I realize that there are a lot of story ideas on here and not much beyond the initial statement. This is actually a conscious decision. As a writer, I have a lot of things floating in my head at any given time. Some of it is more concrete than others. The commonality with all of it is that they are just ideas. Some of them have been floating around in there for years, while others are more recent. But, for one reason or another, I have never gotten them written down. This is one of the many reasons for this blog. If I write something down, it might gel faster or maybe inspire me to do more. As they bob to the surface, I'll write them down. "Sleepers" is just one of many ideas in there. It came to me when I was reading Orson Scott Card's How to Write Science Fiction & Fantasy. He was talking about world building and developing the science of science fiction, specifically, regarding space travel.
One of the concepts he proposed involved colonization and how a space faring race would accomplish such a far reaching goal. He mentioned that, unless a society had discovered some practical means of traveling faster than the speed of light (or even Hyperspace travel), it could take years to travel between star systems. To do this, it would require a ship where the majority of the crew was in suspended animation with a skeleton crew to maintain everything. It was at this moment, I had a "what if" moment. What if something happened and the ship got off course? What if the damage was so extensive that the skeleton crew couldn't fix it? What if the majority of the sleeping colonists were killed by whatever went wrong?

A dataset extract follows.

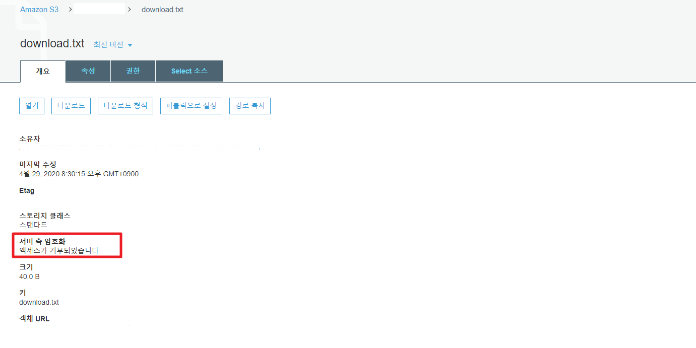 7) 이제 해당 IAM계정으로 로그인 후 버킷에 접근해보면 버킷내 모든 파일에 대한 액세스 접근 제한을 확인할 수 있다.

As these thoughts started swimming through my head, the idea of "Sleepers" was born.
Simply put, "Sleepers" takes place on a colony ship that was knocked off course by something. I hadn't really decided on what that something was. It could have been sabotage to the more mundane mechanical malfunction. Whatever happened, it was catastrophic. Instead of maintaining course, the ship was sent adrift. Instead of a few years, it floats for a couple centuries. Now, there are some issues with this concept, but I think there are ways of getting around the whole need for supplies, air, power, etc. The technology that allowed them to travel several years without supplies could theoretically be adapted to sustain the skeleton crew. Another problem was that all but 11 stasis pods remain functional. The others either failed or were destroyed. Entire sections of the ship became uninhabitable.
Despite all this, the crew needed something to focus on so they continued to do their jobs. In the face of uncertainty, humanity will strive for equilibrium. One way of doing that is by returning to processes or actions that are familiar and comfortable. In this case, it would be returning to the maintenance of the surviving stasis pods and the remainder of the ship. As the years turn to decades, combined with the uncertainty of their destination, it would not be a far stretch to imagine that people would consider propagating as a way to maintain the workforce. The children would then be trained from very early on to continue in the parents footsteps. It would also not be too farfetched to imagine that this training, over the span of several generations, would start to take on a religious bent. The focus of this religion would be the 11 remaining colonists. They would be viewed as heralds of salvation because when they emerge, it means that the journey is finished and they have reached "paradise" (a.k.a a habitable world). Of course, with any story, that isn't how it happens. The best laid plans, as they say, oft go astray.